- [Prompt]:
Only the lines below from the one with "IDXChannel - Presiden" through the one with "Vendo Microsoft Surface" are to be written out, exactly and without any images.

- [Data to process]:
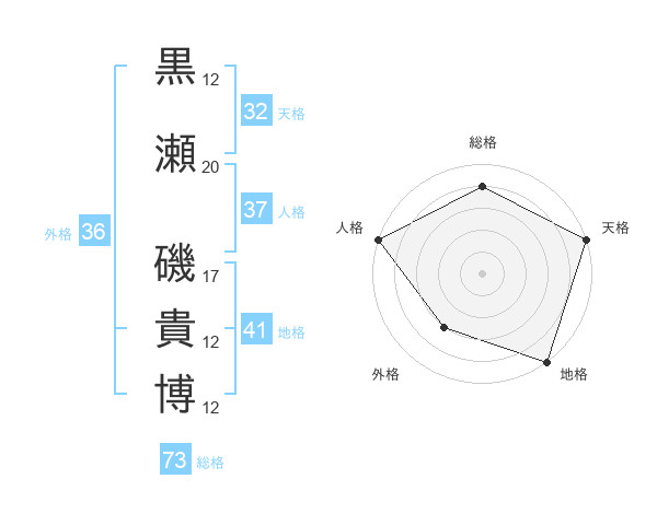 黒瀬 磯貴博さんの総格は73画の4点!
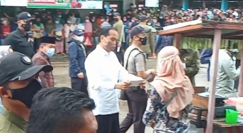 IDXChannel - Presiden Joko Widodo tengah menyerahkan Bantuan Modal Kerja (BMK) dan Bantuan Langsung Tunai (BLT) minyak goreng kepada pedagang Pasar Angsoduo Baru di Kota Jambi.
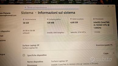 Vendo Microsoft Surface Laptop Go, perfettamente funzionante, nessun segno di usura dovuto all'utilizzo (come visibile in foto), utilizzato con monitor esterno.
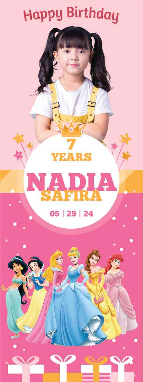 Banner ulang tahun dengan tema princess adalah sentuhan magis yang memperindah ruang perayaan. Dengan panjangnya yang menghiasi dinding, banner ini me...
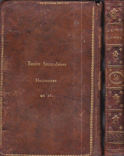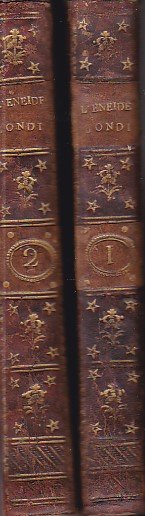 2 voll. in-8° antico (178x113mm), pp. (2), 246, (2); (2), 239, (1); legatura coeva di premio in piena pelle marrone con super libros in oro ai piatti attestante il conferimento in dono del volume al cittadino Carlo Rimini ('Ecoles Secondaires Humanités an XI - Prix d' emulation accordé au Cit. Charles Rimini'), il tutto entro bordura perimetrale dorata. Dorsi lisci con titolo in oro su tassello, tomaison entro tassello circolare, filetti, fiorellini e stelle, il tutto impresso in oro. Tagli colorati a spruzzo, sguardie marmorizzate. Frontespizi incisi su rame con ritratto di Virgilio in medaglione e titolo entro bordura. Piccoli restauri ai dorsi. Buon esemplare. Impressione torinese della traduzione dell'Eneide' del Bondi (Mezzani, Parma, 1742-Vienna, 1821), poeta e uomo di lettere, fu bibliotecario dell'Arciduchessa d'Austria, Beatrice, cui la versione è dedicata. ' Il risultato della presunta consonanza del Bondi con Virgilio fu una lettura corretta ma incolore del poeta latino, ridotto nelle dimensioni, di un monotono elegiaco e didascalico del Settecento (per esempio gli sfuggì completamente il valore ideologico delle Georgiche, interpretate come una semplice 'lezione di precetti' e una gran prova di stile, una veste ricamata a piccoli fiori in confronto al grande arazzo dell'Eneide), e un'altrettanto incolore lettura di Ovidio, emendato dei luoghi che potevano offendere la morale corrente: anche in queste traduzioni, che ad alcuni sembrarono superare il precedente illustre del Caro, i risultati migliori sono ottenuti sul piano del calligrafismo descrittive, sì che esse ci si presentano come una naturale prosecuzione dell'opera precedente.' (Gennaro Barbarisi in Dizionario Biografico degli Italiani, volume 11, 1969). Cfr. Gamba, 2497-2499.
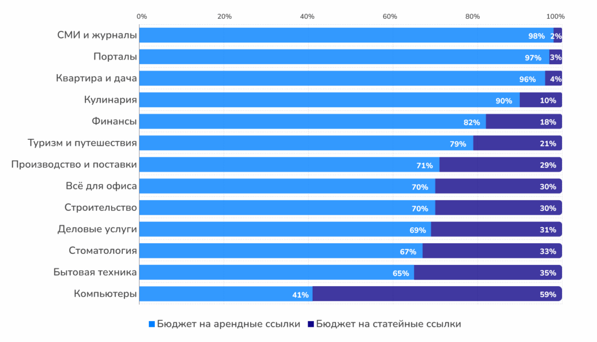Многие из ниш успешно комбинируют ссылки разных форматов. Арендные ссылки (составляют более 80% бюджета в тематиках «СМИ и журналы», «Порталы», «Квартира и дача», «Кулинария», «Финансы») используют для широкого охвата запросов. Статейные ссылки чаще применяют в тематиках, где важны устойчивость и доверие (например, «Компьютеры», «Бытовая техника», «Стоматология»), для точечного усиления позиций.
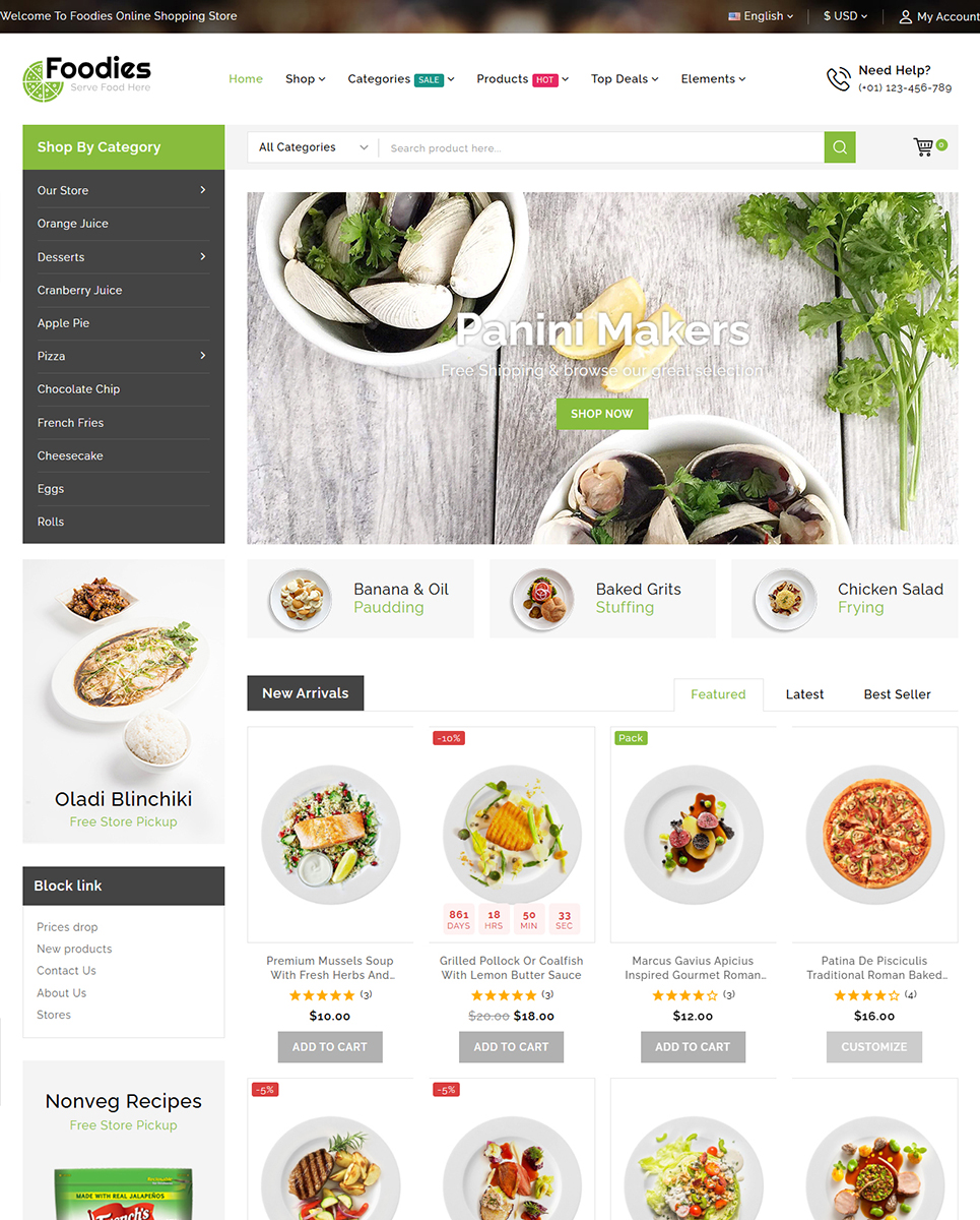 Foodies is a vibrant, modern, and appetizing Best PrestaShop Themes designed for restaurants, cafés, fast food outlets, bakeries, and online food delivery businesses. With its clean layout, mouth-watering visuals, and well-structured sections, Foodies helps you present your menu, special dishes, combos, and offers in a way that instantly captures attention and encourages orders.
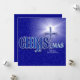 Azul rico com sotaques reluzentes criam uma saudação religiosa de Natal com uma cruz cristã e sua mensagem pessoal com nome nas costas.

==

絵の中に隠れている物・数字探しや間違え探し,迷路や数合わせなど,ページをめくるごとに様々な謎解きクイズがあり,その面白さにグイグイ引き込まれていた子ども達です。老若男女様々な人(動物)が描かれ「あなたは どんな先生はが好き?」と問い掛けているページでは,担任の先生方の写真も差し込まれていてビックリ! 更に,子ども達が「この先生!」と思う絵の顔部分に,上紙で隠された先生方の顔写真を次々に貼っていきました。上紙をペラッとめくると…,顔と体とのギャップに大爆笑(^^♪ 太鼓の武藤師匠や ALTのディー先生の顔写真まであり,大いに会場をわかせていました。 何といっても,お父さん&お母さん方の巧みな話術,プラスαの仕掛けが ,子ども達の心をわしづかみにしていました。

--

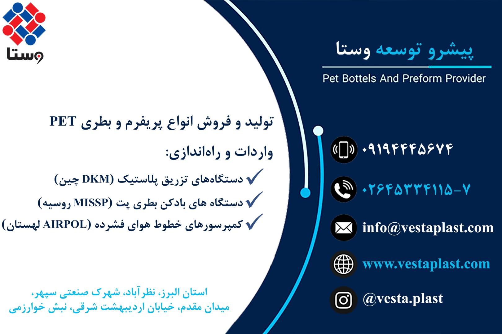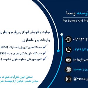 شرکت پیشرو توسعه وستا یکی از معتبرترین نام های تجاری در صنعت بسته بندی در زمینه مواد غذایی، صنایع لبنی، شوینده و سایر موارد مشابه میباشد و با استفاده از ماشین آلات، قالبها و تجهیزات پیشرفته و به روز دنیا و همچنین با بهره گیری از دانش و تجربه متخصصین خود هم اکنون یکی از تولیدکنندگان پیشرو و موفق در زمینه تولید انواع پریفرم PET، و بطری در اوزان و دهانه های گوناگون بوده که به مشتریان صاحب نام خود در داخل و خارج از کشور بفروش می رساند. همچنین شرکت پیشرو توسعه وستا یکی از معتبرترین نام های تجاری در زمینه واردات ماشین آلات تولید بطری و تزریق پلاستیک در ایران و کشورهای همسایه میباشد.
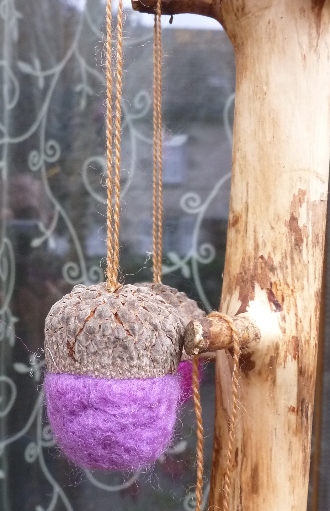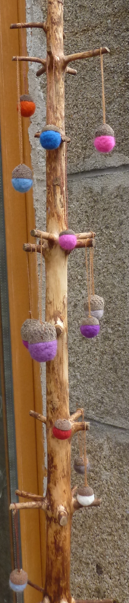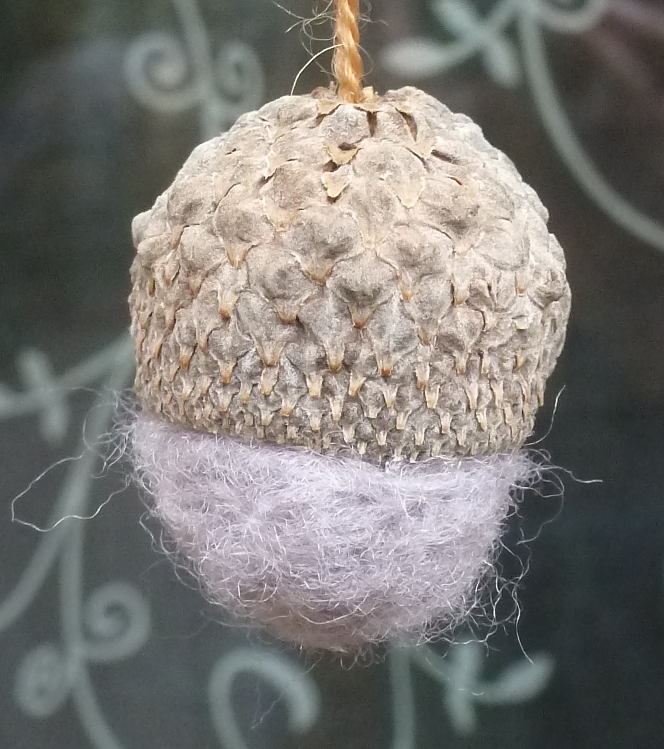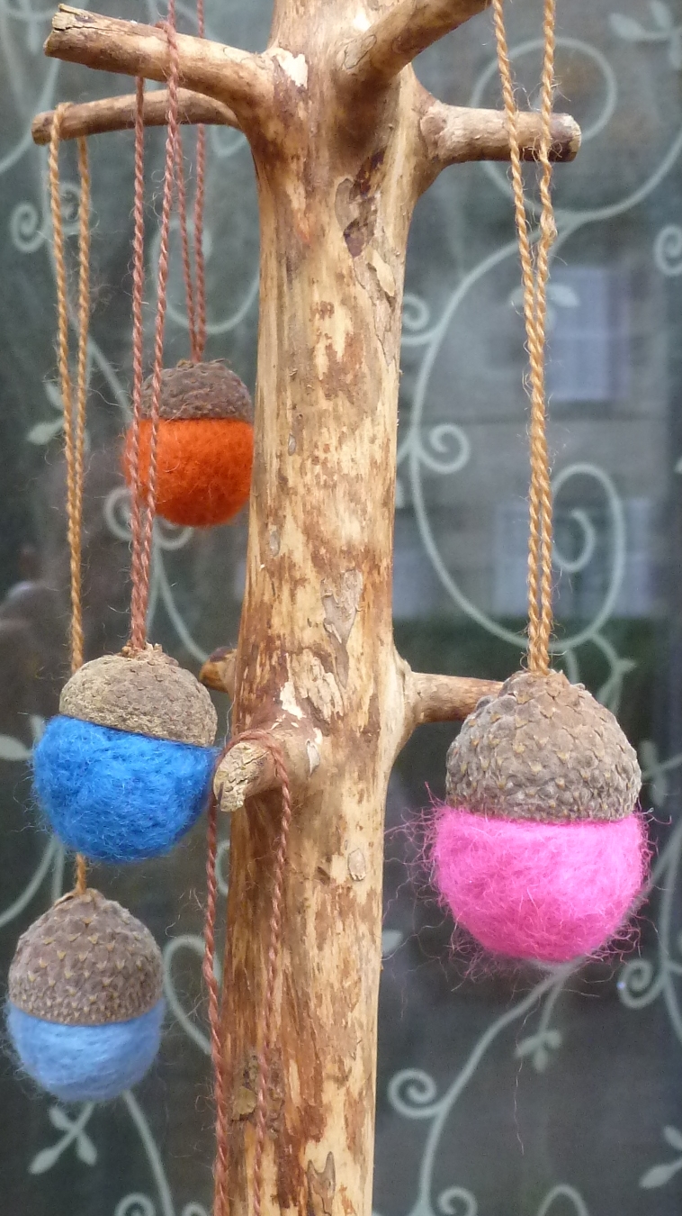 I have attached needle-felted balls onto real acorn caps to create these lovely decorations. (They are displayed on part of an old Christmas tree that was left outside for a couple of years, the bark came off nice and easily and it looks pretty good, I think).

- [Solved exercise]:
 IDXChannel - Presiden Joko Widodo tengah menyerahkan Bantuan Modal Kerja (BMK) dan Bantuan Langsung Tunai (BLT) minyak goreng kepada pedagang Pasar Angsoduo Baru di Kota Jambi.
 Vendo Microsoft Surface Laptop Go, perfettamente funzionante, nessun segno di usura dovuto all'utilizzo (come visibile in foto), utilizzato con monitor esterno.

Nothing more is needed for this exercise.